Theories of Attitude Organization

Various theories of attitude organization are as follows:

  • Learning Theory: Approach that assumes that a person’s attitudes are based on principles of reinforcement association, imitation and punishment.
  • Theory of Cognitive consistency: This theory states that tendency for people to seek consistency among their attitudes.
  • Balance theory: A Theory addressing the need to maintain consistency among our feelings and beliefs about what goes together.
  • Cognitive dissonance Theory: Inconsistence between two cognitive elements produces pressure to make these elements consonant.

 Heider’s balance theory

Balance theory considers the consistency among the affects and beliefs held by a person and are usually described in terms of a person, another person, and an attitude object.

There are three relevant evaluations:

  1. The first person’s evaluation of the other person
  2. The first person’s evaluation of the attitude object, and
  3. The other person’s evaluation of the attitude object.
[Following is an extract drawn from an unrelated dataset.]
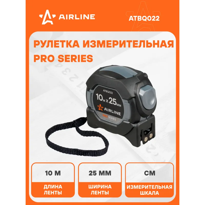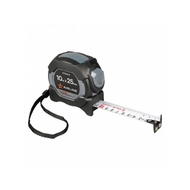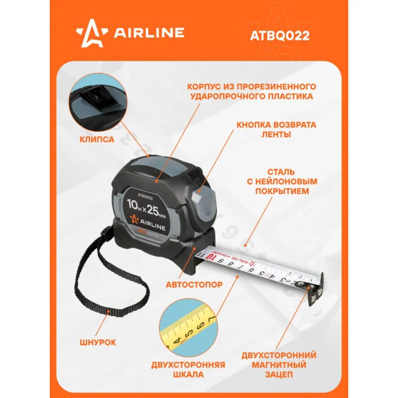 Рулетка в прорезиненном корпусе 10мх25мм PRO, автостоп, дв.магнит.зацеп,нейлон.двуст.шкала Описание: Рулетка AIRLINE ATBQ022 изготовлена из композитного прорезиненного ударопрочного пластика. Специальный механизм самостоятельно блокирует положение ленты, при ее извлечении из корпуса. Изделие оснащено двухсторонним зацепом и двухсторонней шкалой, что обеспечивает универсальность и удобство при проведении измерений. Нейлоновое покрытие ленты обеспечивает комфортное считывание чисел со шкалы. Функция защиты пальца предотвращает возможность получения травмы при возвращении ленты в корпус. Особенности: * Материал корпуса - Обрезиненный ABS-пластик; * С автостопом; * Со встроенным фиксатором; * Двухсторонний магнитный зацеп; * Двухсторонняя шкала; * Измерительная шкала - Сантиметры; * Цвет ленты - белый/желтый; * Материал ленты - Сталь (нейлоновое покрытие); * Подвижный зацеп. Рулетка с подвижным зацепом для точного измерения внутренних и внешних размеров: 1. При измерении с упором в предмет внешняя сторона зацепа является нулевой меткой. 2. При измерении с зацеплением за предмет - зацеп сдвигается, компенсируя свою толщину. В этом случае нулевой отметкой является внутренняя сторона зацепа. Рулетка - это важный и нужный инструмент для каждого, всегда пригодится в быту, в работе, удобно хранить в бардачке автомобиля, в коробке инструментов, в багажнике автомобиля, поэтому станет нужным полезным подарком автомобилисту, мужу, папе, брату, дяде, жене, маме, сестре, тете, коллеге. Этот аксессуар для машины - это универсальный подарок на любой праздник. Характеристики: Артикул: ATBQ022 Длина ленты, м: 10 Ширина ленты, мм: 25 Материал корпуса: Обрезиненный ABS-пластик Автостоп: Есть Материал ленты: Сталь (нейлоновое покрытие) Зацеп: Магнитный двухсторонний Шкала: Двухсторонняя Измерительная шкала: Сантиметры Цвет ленты: Белый/желтый Комплектация: Рулетка на пластиковом подвесе - 1 шт Гарантия: от 1 года.

Balanced relations between people fit; they go together; they make a sensible, coherent, meaningful picture. The main motive that drives people to achieve bal­ance is their desire for harmony, simple and meaningful perceptions of social relationships.

A balanced system is one in which “you agree with a liked person or disagree with a disliked person, Imbalance exists when you disagree ‘with a liked person or agree with a disliked person.
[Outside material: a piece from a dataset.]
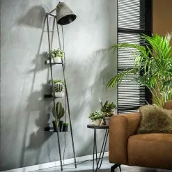 L 50 x P 50 x H 186 cm. Longueur du cordon : 425 cm. Luminaire industriel avec 3 étagères. Métal gris effet vieilli. Garantie 2 ans + 1 an NOUVO MEUBLE. Fabrication européenne

The inconsistency lies in the fact that we expect those we like to have attitudes similar to ours and we expect those we dislike to have attitudes” that are different from ours.

People do adjust imbalanced systems toward balance, and in ways that minimize the number of changes that must be made. People prefer balanced systems, and they remember balanced systems better. But Balance pressures seem to be weaker when we dislike the other person than when we like him or her.

In general Imbalances occur when the system has an odd number of negative relations.

Balance theory maintains that imbalanced configurations tend to change toward balanced ones. This assumption gives the model its importance. Imbalanced systems produce pressures toward attitude change and continue this pressure until they are balanced.

This attitude change can occur in many ways. Balance theory uses a least-effort principle to predict the direction of change. People tend to change as few affec­tive relations as they can to produce a balanced system. Any of the relations may be altered to produce balance. The important point is that various possibilities exist.

Kellman’s theory of attitude organization

Kellman identifies three different processes of influence and he distinguished: them as compliance, identification, and internalization.

Changes in the attitudes and actions produced by social’ influence occur at different levels. It is proposed that these differences that take place correspond to differences in the process whereby the individual accepts influence.

Compliance occurs when an individual accepts influence because he hopes to achieve a favourable reaction from another person or group. He adopts the in­duced behavior not because he believes in its content but because he expects to gain specific rewards or approval and avoid spe­cific punishments or disapproval by con­forming. Thus the satisfaction derived from compliance is due to the social effect of ac­cepting influence.

Identification occurs when an individual accepts influence because he wants to establish or maintain a satisfying self-defining relationship to another person or a group. This relationship may take the form of classical identification, in which the individual takes over the role of the other, or it may take the form of a reciprocal role relationship. The individual actually believes in the responses which he adopts through identification, but their specific content is more or less irrelevant. He adopts the in­duced behavior because it is associated with the desired relationship.

Internalization occurs when an individual accepts influence because the content of the induced behaviour, the ideas and actions of which it is composed and is in­trinsically rewarding. He adopts the induced behavior because it is congruent with his value system. Behavior adopted in this fash­ion tends to be integrated with the individu­al’s existing values. Thus the satisfaction derived from internalization is due to the content of the new behavior.

These determinants can be summarized by the following proposition: The probability of accepting influence is a combined func­tion of

  • The relative importance of the anticipated effect.
  • The relative power of the influencing agent.
  • The prepo­tency of the induced response.

For each process, however, these determinants, take a qualitatively different form. Thus the deter­minants of the three processes can be distinguished from one another in terms of the nature of the anticipated effect, the source of the influencing agent’s power, and the manner in which the induced response has become prepotent.